There is a lot to get through today my friends. What a week huh? I can't believe everything that has happened.
I have to admit that today's blog is difficult to write. Perhaps because I'm trying to actually put some thought into it before I type down my thoughts. Why do I even go through this exercise? I'm not a writer. I'm not a columnist. I don't think I even can say that I'm a pundit on any issue.
I guess it's because I don't take any of this very seriously. It's an outlet - most of the day I'm often on the phone trying to set appointments, or following up on opened business, or even studying to keep up-to-date on all the latest changes in the financial industry.
The problem today is - I'm not feeling rather creative. I chalk it up to being Friday -the end of a long week. So here are two incidents that happened this week that I will report on.
Amber came home yesterday and told me about an experience while at work. She was dropping off some information to this guy in charge of materials or maintenance, I'm not entirely sure; I had in my mind an older gentleman who resembles Creed from the television show: The Office.
Scene - Hallway of RurAL CAP office building. Mid-Afternoon. Amber stands before a closed office door, Amber knocks on the door:
Creed: Come in.
Amber enters office.
Interior slightly messy office, that smells of lemon seed and flax oil. Creed, sitting behind desk, rotates pleather office chair to reveal that he is exercising his inner thighs with the Thighmaster, and continues to do so in front of Amber.

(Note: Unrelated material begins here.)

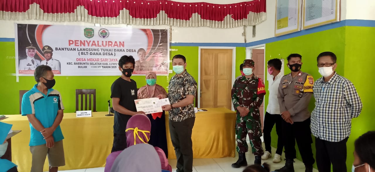 LEPONGAN NEWS, LUTRA – Pemerintah Desa (Pemdes) Mekar Sari Jaya, Kecamat an Baebunta Selatan, Kabupaten Luwu Utara (Lutra) Sulawesi Selatan (Sulsel), menyerahkan Bantuan Langsung Tunai Dana Desa (BLTDes) kepada 62 warga kurang mampu dampak Covid-19 tahun anggaran 2021, di Aula Kantor Desa untuk bulan Maret 2021, belum lama ini.

Amber (thinking): Maintain eye contact, look out his window: Creed, in order for me to fulfill the order for our Napaskiak region, I need form 829.
Creed: Not a problem. Sets down thigh-master. Walk to bookshelf and gets form. Takes form to Amber.
Creed: You know - you are one attractive woman.
That's all - Amber then left creepy guy.
Earlier in the day: I'm at my office and need to take care of some business. As soon as I step out of the mensroom, I am greeted by a lady from one of the other offices in the building. She says to me.
Lady: Do you notice a strange smell?
I look at her with a look as did you really just ask me that? Then I glance down at my book, then back at the mensroom door, and point back to the mensroom door with my book and say: I certainly hope not.
Lady: It smells like fumes or something.
Bob: It's quite possible.
Then we both walk away from each other.